連載コラム

葉山考太郎の「新痛快ワイン辞典」 Vol.20 2019_07_19

葉山考太郎先生が1999年に出版した『辛口・軽口ワイン辞典』(日経BP社)の続編です。ワインに関する用語が、葉山先生特有の痛快な語り口で解説されています。今回は、「フ」で始まる語の上編をお届けします。

【見出し語について】
(1) アルファベットで始まる語はカタカナ表記で配列した。【例】AOC⇒エー・オー・シー
(2) シャトーやドメーヌが付くものは、それを除いた見出し語で収録した。【例】シャトー・ラヤス⇒ラヤス、シャトー
(3) 人名は、「姓+名」で収録した。【例】ロバート・パーカー⇒パーカー、ロバート



■ふ■上編

フィーヌ (Fine)
フランスのワイン生産地で作るブランデーのこと。マールと似ているが、マールはブドウの絞りカスで作り、フィーヌは余ったワインを蒸留する。フィーヌの方が高級そうだが、値段は少し安め。稀少価値はフィーヌの方が圧倒的に高いので、フィーヌを見たら「ヘェー、珍しいですねぇ」というと通の雰囲気が漂う。(関連項目:マール)

フィアスコ (fiasco)
イタリアのキアンティで見かける藁苞のワイン壷。ブルゴーニュのボトルのように首が長く、胴体が膨れている。ワイン冷蔵庫で保管する場合、立てねばならず寝かせられないので、意外に不評なのは可哀そう。英語の「fiasco」には、「大失敗」の意味もあり、日本語なら、「ワイン壷」と「ド壷」か?
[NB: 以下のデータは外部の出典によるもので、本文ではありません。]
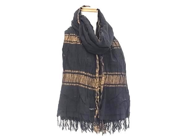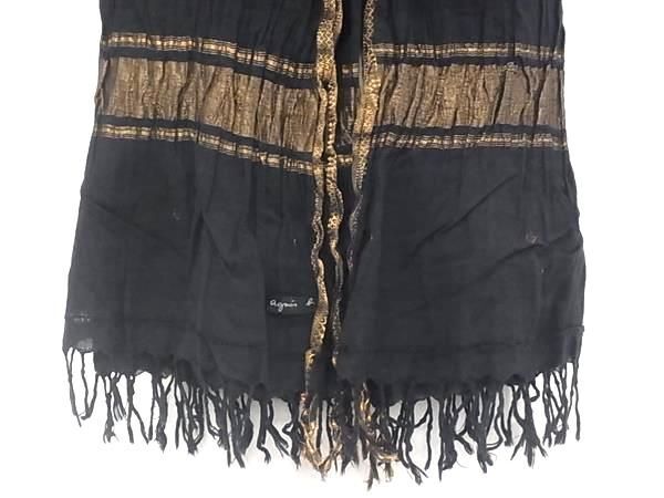 agnes b. アニエスベー コットン×メタリックヤーン フリンジ ストール ショール レディース ブラック系×ブロンズ系 DE9062
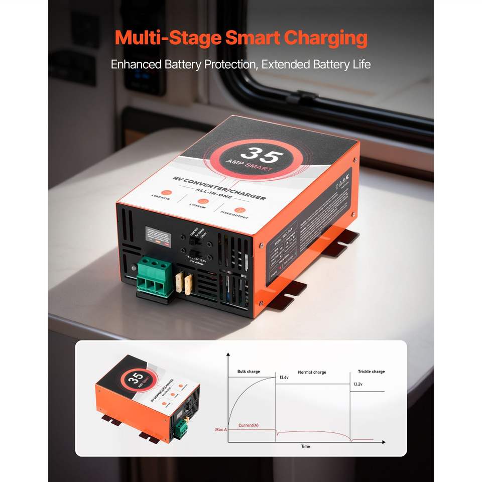 Convertitore di Potenza Smart da 35 Amp per Camper con Caricabatterie 110V AC 12V DC, 4 Fasi, Range Operativo 13V 16.5V per Sistemi Elettrici RV
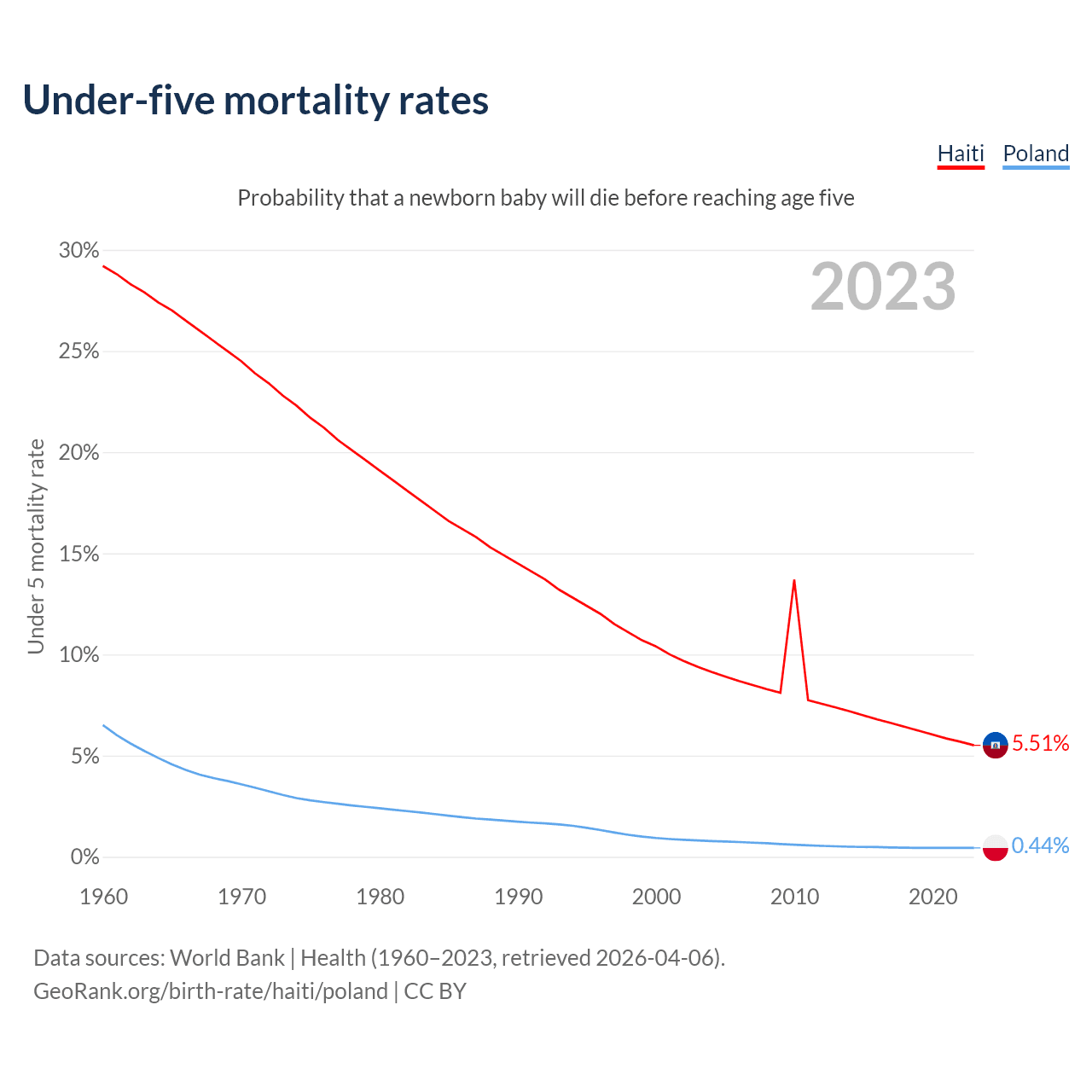 The chance that a newborn baby will die before reaching age five is 5.51% in Haiti and 0.44% in Poland. Above is a chart with historical data on under-five mortality rates.

フィギュア・スケートのこうこく(フィギュア・スケートの広告)
1998年度NHK杯国際フィギュア・スケートの会場で不思議な広告を見た。スケート・リンクの壁に「Bordeaux Wines」と大書した広告があり、何とその右隣に、「Tasaki」と書いた広告があった。「ヘェー、さすがソムリエ世界一の田崎さんだなぁ」と思っていたら、「Tasaki」は、「田崎真珠」のことだった。単なる偶然にしてはできすぎ?

ふいてますね(噴いてますね)
熱でワインが膨張し漏れた状態。ネックの下のネバネバを見ると、プロは反射的に「噴いてますね」と言う。噴いたワインはオダブツの可能性があるが、プロは「熟成が早まって、今がピークだ」と言いながら美味いと飲んでしまう。19世紀中頃までコス・デストゥルネルが、帆船で赤道を超えインドへ行って帰っただけのワインの評判が良かったのと同じか? レストランでは客に見せる前にネバネバを拭くので、首が異常にキレいなボトルは噴いていたかも。(関連項目:コス・デストゥルネル、鼻血、鼻水)

フィニ、レオノール (Leonor Fini)
1952年のムートン・ラベルを描いたフランス人画家。いわゆる、若く美しくて反抗的な女流画家。センスが良くてリベラルを目指す日本の女性月刊誌が好んで取り上げる三大女流画家が、マリー・ローランサン、タマラ・ド・レンピッカとこの人。薄物を着た女性を好んで描いたので、ローランサン同様、同性愛を噂された。超級美人で、お面をつけたカッコイイ写真がたくさん残っている。永井豪の古典漫画、『デビルマン』はこの写真がヒントらしい。フィニがムートンのラベルに描いた絵の真ん中にある顔は、ルイ・ジャドーのトレード・マークに雰囲気が似ている。

フィフス・ボトル (fifth bottle)
750mlボトルの英米での呼び方。文字通りの意味は、「5分の1ボトル」で、1ガロン(3,785ml)の約1 / 5 であるところから来た。日本では、ブテイユとか、レギュラー・ボトルと呼ぶ。(関連項目: 1ケース、キャール・ボトル、720ml)

フィルターろんそう(フィルター論争)
ワインの瓶詰め時にフィルターをかけるかどうかの論争。推進派、ヒュー・ジョンソンは「クリーンなワインにはフィルターが必要。そうしないと、微生物が残り二次発酵の危険性がある」と著書で書く。一方、「フィルターはワインの個性を奪う」と考えるロバート・パーカーは、『ワイン・アドヴォケイト』誌でフィルターをかけたワインを無条件に大減点するという大人気ない強硬手段に出た。二人は犬猿の仲で、互いに相手を意識している。(関連項目:ヒュー・ジョンソン、ロバート・パーカー、パーカー化)

フィロキセラ(バイオ・タイプA)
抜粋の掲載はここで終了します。